The senator was suspended by the Senate on March 6 for unruly behavior, prompting her to write the Clerk to the National Assembly (CNA), Barrister Kamoru Ogunlana to facilitate her resumption to the Senate on the 5th of September but was told to remain at home since the matter is still pending in the court of law.

Apparently not satisfied with the response given to her first request by the National Assembly, Senator Natasha made another request last week Thursday via a letter forwarded to the CNA by her lawyer for facilitation of her resumption this week.

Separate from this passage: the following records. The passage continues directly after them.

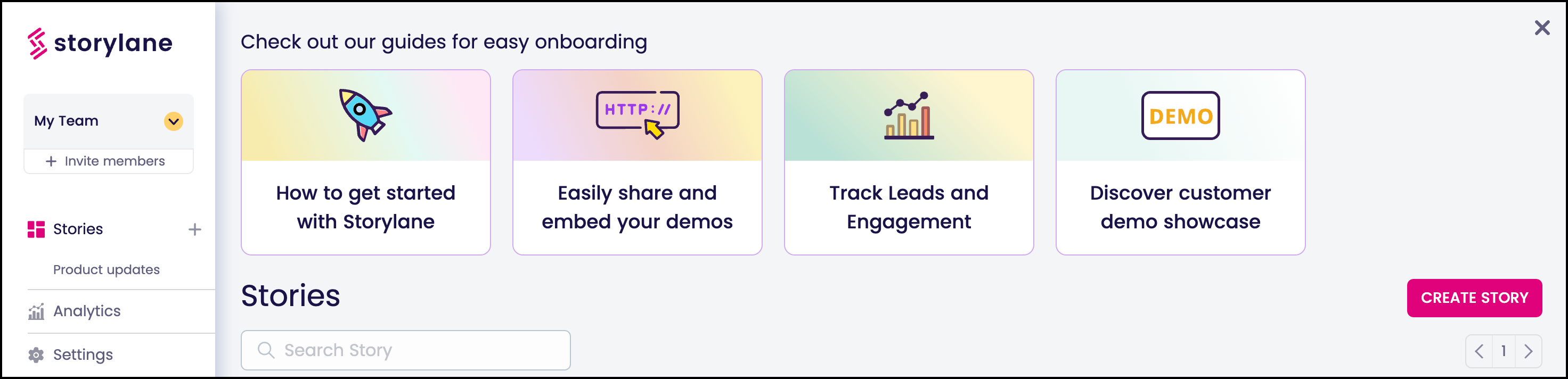 In lieu of this, every new user will now be greeted with a few onboarding guides on the dashboard. These will help first-timers get started in no time and once you feel confident about using Storylane, you can close them for good.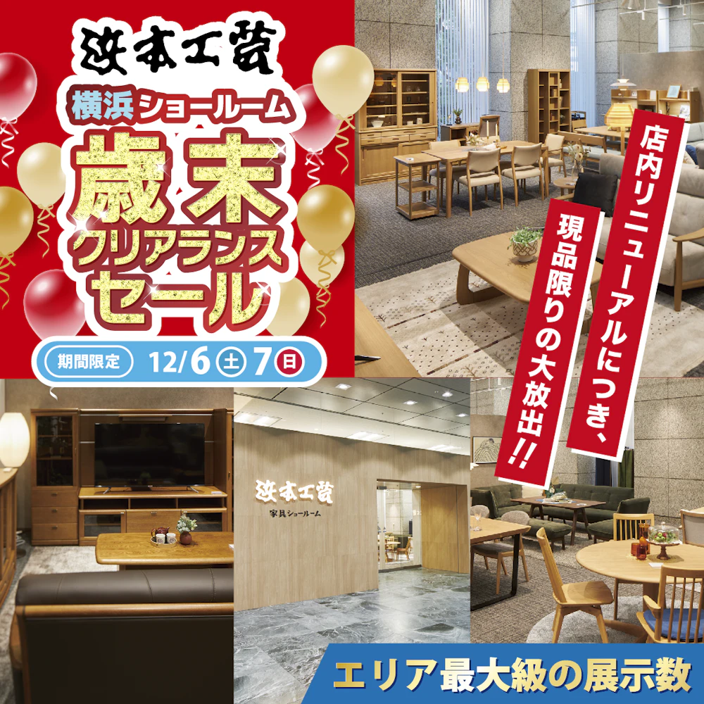 神奈川県横浜市保土ヶ谷区にある「横浜ビジネスパーク サウスタワー1階」の「浜本工芸 横浜ショールーム」にて、創業約100年目の老舗家具屋 亀屋家具が『歳末クリアランスセール』を期間限定にて開催!浜本工芸すべてのリビング・ダイニング・デスクなどの浜本工芸公式カタログ・ホームページ掲載品をすべて期間限定イベントの特別価格にてご提供!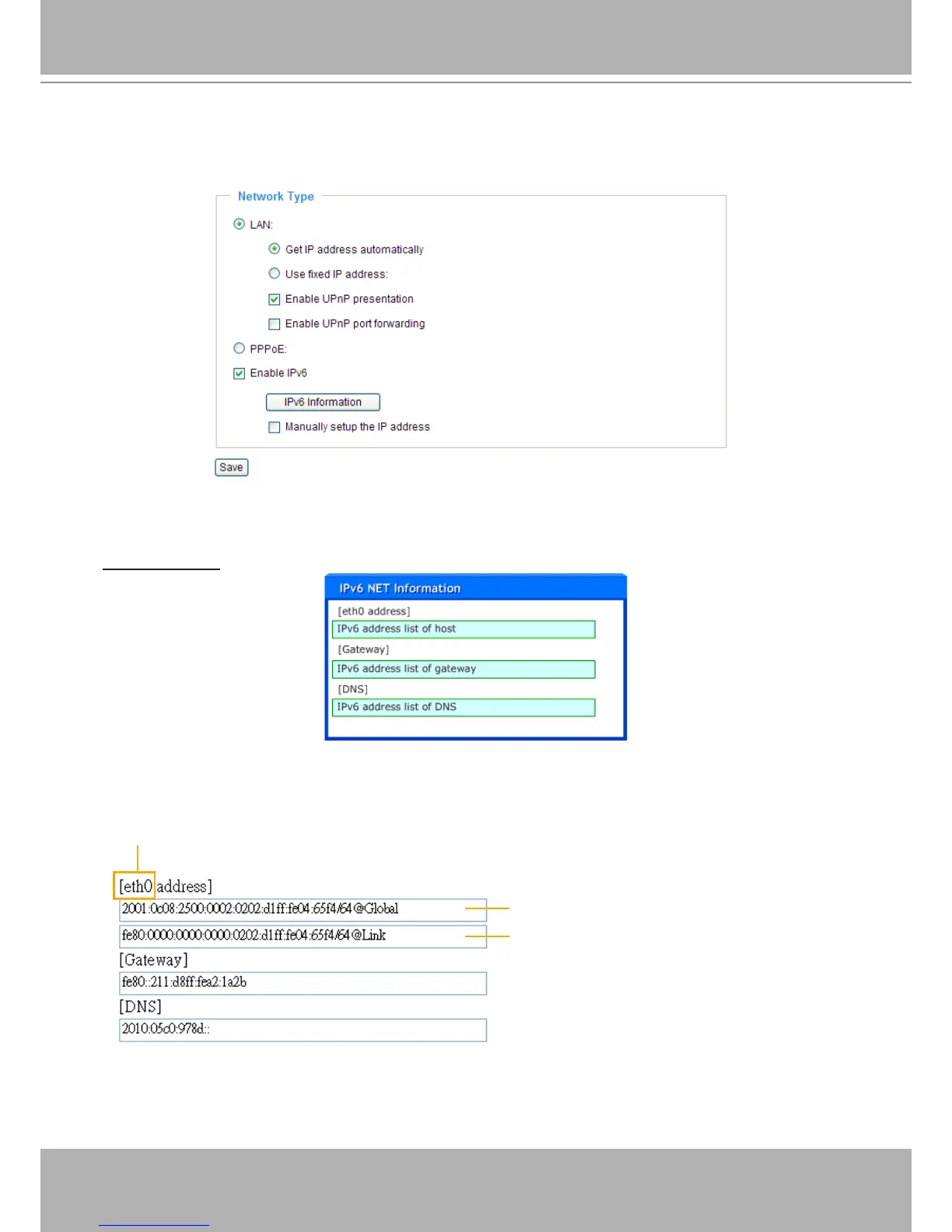 IPv6 Information: Click this button to obtain the IPv6 information as shown below.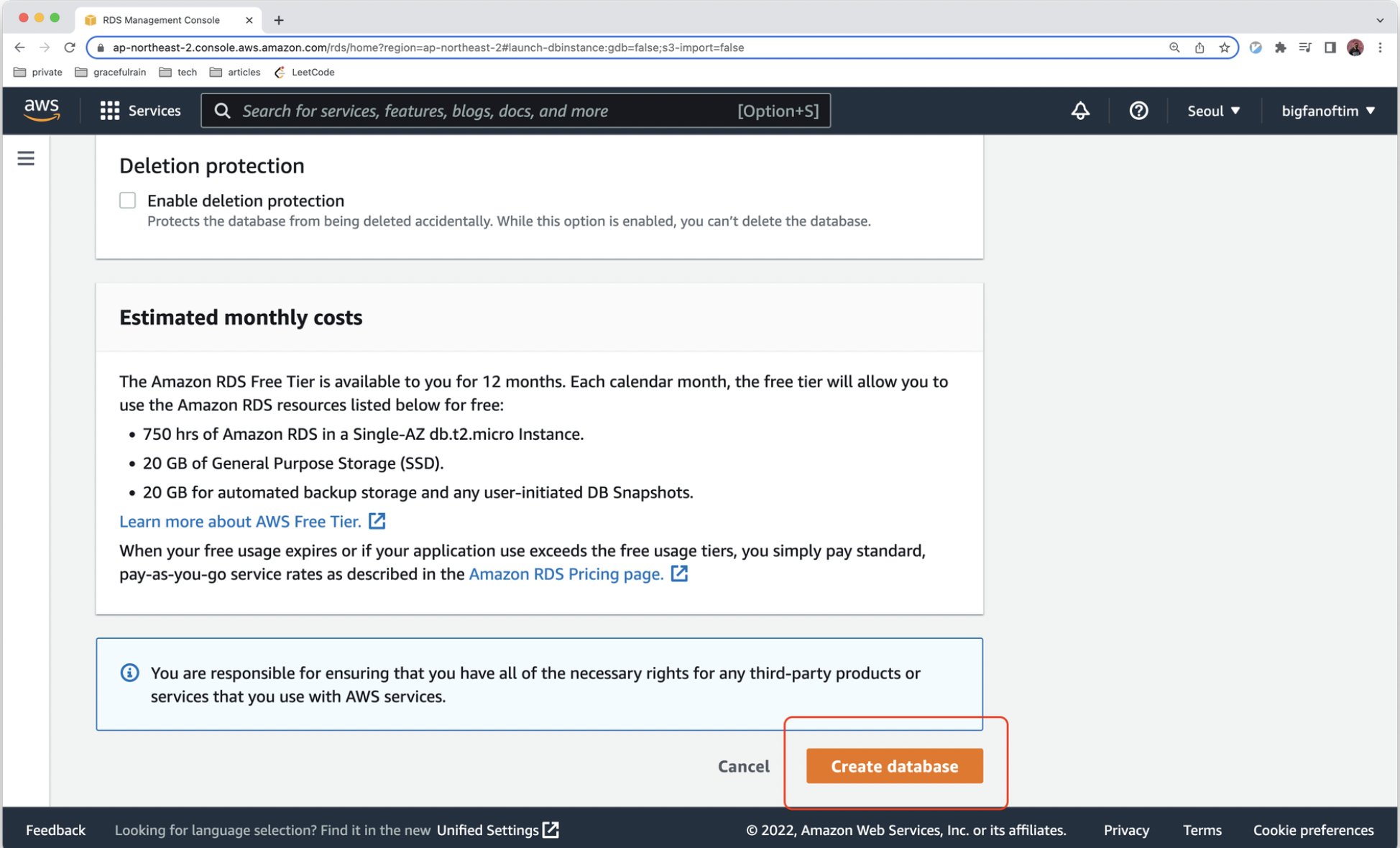 12. 설정을 마무리하고 Create database 를 클릭하여 DB 인스턴스를 생성합니다.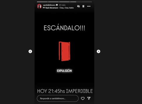 Desde que Santiago del Moro avisó que alguien sería expulsado de Gran Hermano, las redes estallaron con teorías. “Escándalo: expulsión. Hoy a las 21.45 horas”, escribió el conductor en Instagram, pero no dio más información. La noticia sorprendió a todos, porque nadie esperaba que la producción tomara una decisión tan fuerte en este momento.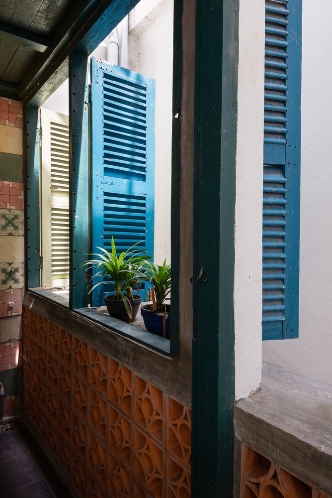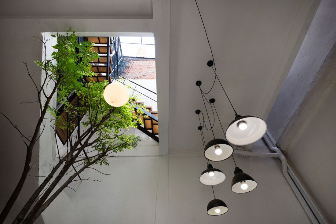 Vật liệu của tường và sàn nhà vẫn được giữ nguyên. Các bề mặt xi măng chưa qua tinh chế, những khung cửa sổ lá xách và phên tre trên trần tạo nên một không gian vừa hiện đại vừa cổ kính, đồng thời làm sống lại kiến trúc Việt Nam những năm 60-70.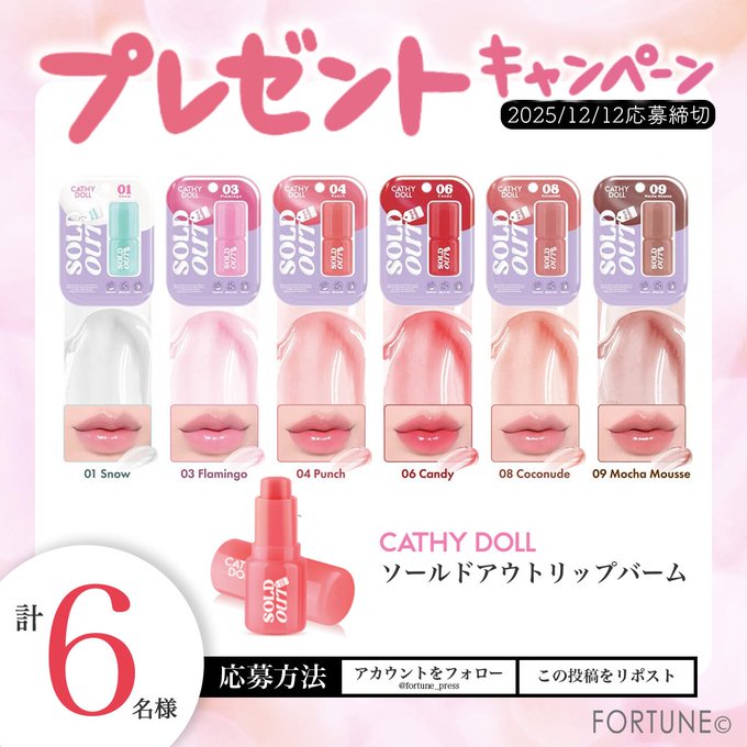 賞品:キャシードール ソールドアウトリップバーム(6名様)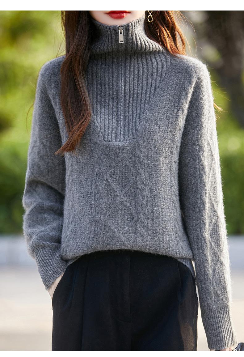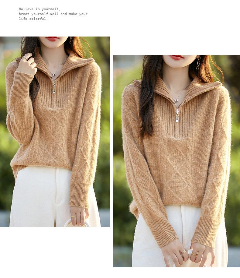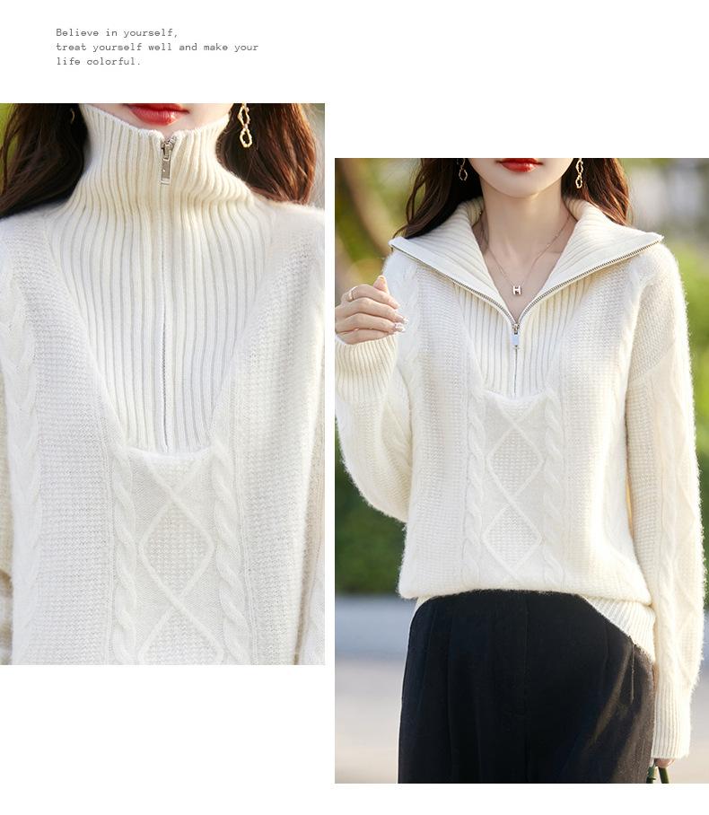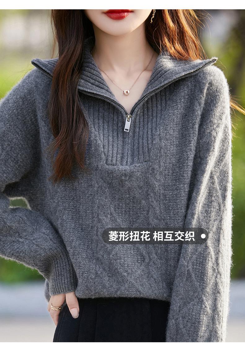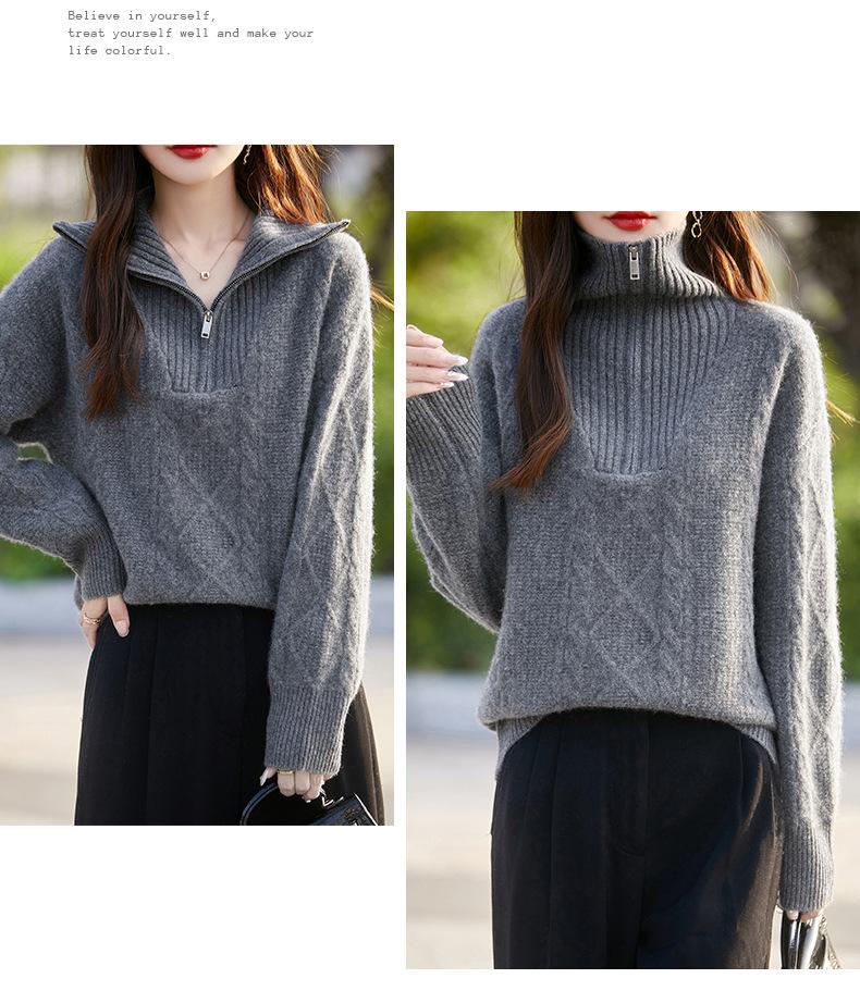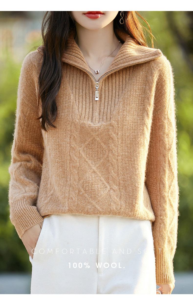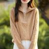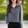 2025 nuevo suéter de punto de lana pura minimalista casual de temperamento de color sólido para mujer con solapa y media cremallera, holgado y perezoso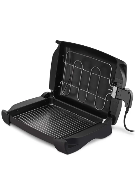 Διαθέτει μεγάλη επιφάνεια ψησίματος 34 x 26 cm, η οποία σας επιτρέπει να ψήσετε μεγάλη ποσότητα κρεάτων και λαχανικών ταυτόχρονα, ρυθμιζόμενο θερμοστάτη για να ρυθμίζετε εσείς την θερμοκρασία ψησίματος ανά πάσα στιγμή και καπάκι που κλείνει για να περιορίζει τις οσμές, αλλά και να "παγιδεύει" την θερμότητα.
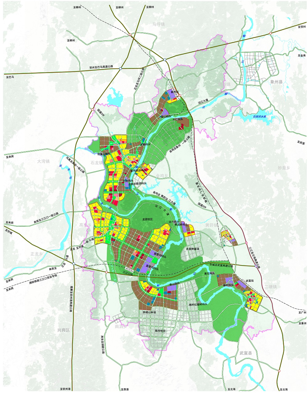 高效綜合交通系統(tǒng)規(guī)劃——以區(qū)域性交通互聯(lián)互通為突破點(diǎn),形成以港口、鐵路、公路為核心的多式聯(lián)運(yùn)對外綜合交通體系,強(qiáng)化以港口碼頭為中心建設(shè)通往柳州、河池等周邊城市以及通往粵港澳大灣區(qū)城市的黃金水道;重點(diǎn)推進(jìn)三江口新區(qū)產(chǎn)業(yè)組團(tuán)與國道209、國道355等區(qū)域性交通干道的銜接;完善以港區(qū)港口為支點(diǎn)的港產(chǎn)城融合發(fā)展體系:加快石龍碼頭、直壁溝碼頭、黃泥嶺碼頭及其配套設(shè)施的建設(shè),以港口為依托,完善集疏運(yùn)體系,促進(jìn)港口與腹地經(jīng)濟(jì)良性循環(huán)發(fā)展,驅(qū)動新區(qū)從“碼頭經(jīng)濟(jì)”走向港產(chǎn)城融合發(fā)展。

But in a letter, dated 15th September, 2025, and signed by the Director of Information, Mr Bullah Audu Bi-Allah on behalf of the CNA, the National Assembly said only the Senate that suspended her could facilitate her resumption.

The CNA told the embattled senator that his office does not possess the authority to review, reverse or interpret Senate decisions and thus, cannot facilitate her resumption.

The letter reads in part: “The Clerk’s Office serves strictly as an administrative arm, providing support to the Senate in accordance with their resolutions, Standing Orders and the provisions of the Constitution of the Federal Republic of Nigeria, 1999 (as Amended).

“The Clerk does not possess the authority to review, reverse or interpret Senate decisions.

“On the 6th March, 2025, the Senate passed a resolution suspending Senator Natasha Akpoti-Uduaghan for six months. Though the matter was challenged in Court, the Federal High Court did not invalidate the Senate’s resolution, and no binding order has been issued to reverse or modify the suspension.

“On the 4th September, 2025, Senator Natasha Akpoti-Uduaghan communicated her intention to resume legislative functions to the office of the Clerk to the National Assembly, though she has the option of writing the Senate President, which is in line with the established protocol.

“In response, this office conveyed same to the Senate leadership, who noted that the matter remains before the Court of Appeal (subjudice), and that any change in status must either come from a fresh Senate resolution or a definitive court order.

“This communication as what the Clerk to the National Assembly conveyed in the letter, no more, no less. The Clerk is therefore not in a position to facilitate her resumption at this time.

“To our dismay, the Office of the Clerk received a letter from the Senator Natasha Akpoti-Uduaghan’s legal representatives (M. J. Numa & Partners LI.P,), accusing this office of overreach and threatening legal and disciplinary action.

“While the office respects the right of all parties to seek legal redress, it must be stressed that the Clerk has at all times acted within lawful administrative limits, and in faithful observance of due process.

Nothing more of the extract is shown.